Merck has entered an agreement to acquire Schering-Plough in a stock and cash transaction valued at $41.1 billion. The merger will combine the two companies under the name Merck. Schering-Plough shareholders will receive 0.5767 shares and $10.50 in cash for each share they hold. Each Merck share will automatically become a share of the combined company. Merck chairman, president and chief executive officer Richard T. Clark will lead the combined company. Upon closing, Merck shareholders are expected to own approximately 68% of the combined company and Schering-Plough will own approximately 32%.
“We are creating a strong, global healthcare leader built for sustainable growth and success,” said Mr. Clark. “The combined company will benefit from a formidable research and development pipeline, a significantly broader portfolio of medicines and an expanded presence in key international markets, particularly in high-growth emerging markets. The efficiencies we gain will allow us to invest in strategic opportunities, while creating meaningful value for shareholders.

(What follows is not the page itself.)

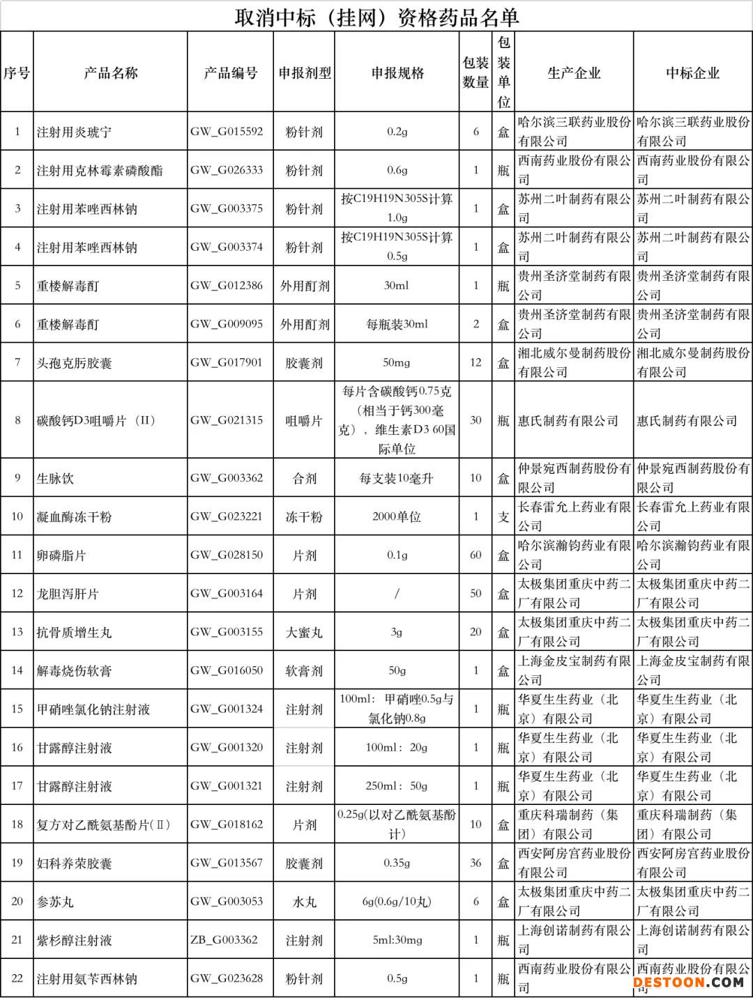 共有22個藥被取消中標(掛網(wǎng))資格,且基本都為包括注射用炎琥寧、頭孢克肟膠囊、生脈飲在內(nèi)的常用大品種,涉及太極集團重慶中藥二廠有限公司、西南藥業(yè)、蘇州二葉制藥有限公司等知名藥企。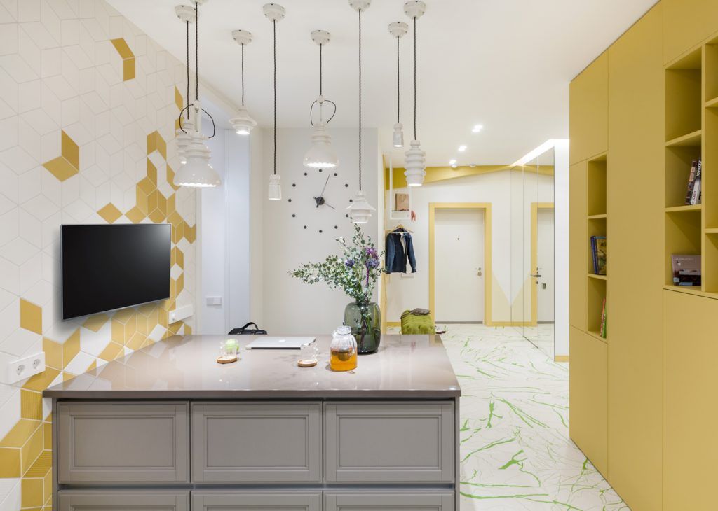 Acestia din urma au mizat pe o abordare simpla, cu mult curaj, astfel incat fiecare zona sa fie pusa in valoare. Ingredientul cheie in amenajarea acestui spatiu a fost culoarea galbena, culoare vesela, asociata cu caldura soarelui si care emana energie puternica in camera. Dar hai mai bine sa va prezentam intreaga amenajare, cu mai multe idei si detalii aplicate aici.

Fred Hassan, chairman and chief executive officer of Schering-Plough, remarked, “Over the last six years, Schering-Plough colleagues have transformed our company into a strong competitor in the global pharmaceutical industry. We have built a strong, diverse business and a robust pipeline that offers hope to patients who are waiting for new medicines. I am proud of what we have accomplished. Our success is a testament to the hard work and dedication of our colleagues in every country. We are joining forces with Merck, our long-term partner in our cholesterol joint venture, to create a dynamic new leader in the pharmaceutical industry. By harnessing the strengths of both companies, the combined entity will be well-positioned to further deliver on our shared goal of discovering new therapies for patients to help them live healthier, happier lives.”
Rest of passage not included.